Start of Block

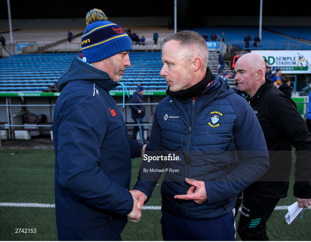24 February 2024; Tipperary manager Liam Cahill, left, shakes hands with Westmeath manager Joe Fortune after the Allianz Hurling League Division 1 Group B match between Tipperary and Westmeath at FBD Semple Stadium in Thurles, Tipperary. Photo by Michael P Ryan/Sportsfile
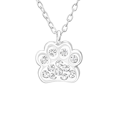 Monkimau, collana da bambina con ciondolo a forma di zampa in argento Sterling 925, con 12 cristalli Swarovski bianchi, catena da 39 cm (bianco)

End of Block
Start of Block

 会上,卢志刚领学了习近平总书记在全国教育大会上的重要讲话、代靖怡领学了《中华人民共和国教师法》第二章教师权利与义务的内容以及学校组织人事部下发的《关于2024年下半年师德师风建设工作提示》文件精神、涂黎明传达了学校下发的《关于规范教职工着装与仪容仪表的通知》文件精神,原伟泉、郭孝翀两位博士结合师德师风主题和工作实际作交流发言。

End of Block
Start of Block

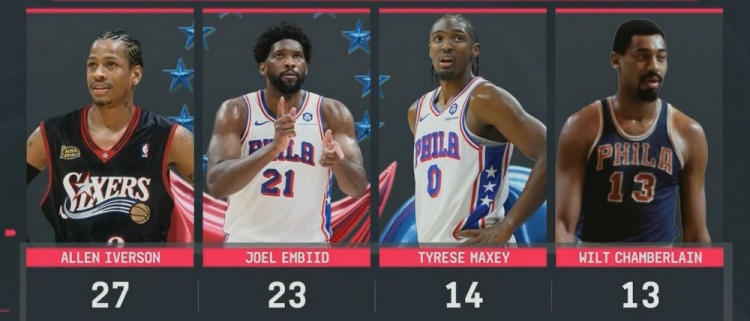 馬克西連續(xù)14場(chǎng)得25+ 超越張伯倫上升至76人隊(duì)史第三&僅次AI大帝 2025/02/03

End of Block

What is required: From the data above, return exactly the lines from the one with "24 February 2024;" up to and including the one with "Monkimau, collana da". Pictures do not go in the copy.

Answer section:
24 February 2024; Tipperary manager Liam Cahill, left, shakes hands with Westmeath manager Joe Fortune after the Allianz Hurling League Division 1 Group B match between Tipperary and Westmeath at FBD Semple Stadium in Thurles, Tipperary. Photo by Michael P Ryan/Sportsfile
 Monkimau, collana da bambina con ciondolo a forma di zampa in argento Sterling 925, con 12 cristalli Swarovski bianchi, catena da 39 cm (bianco)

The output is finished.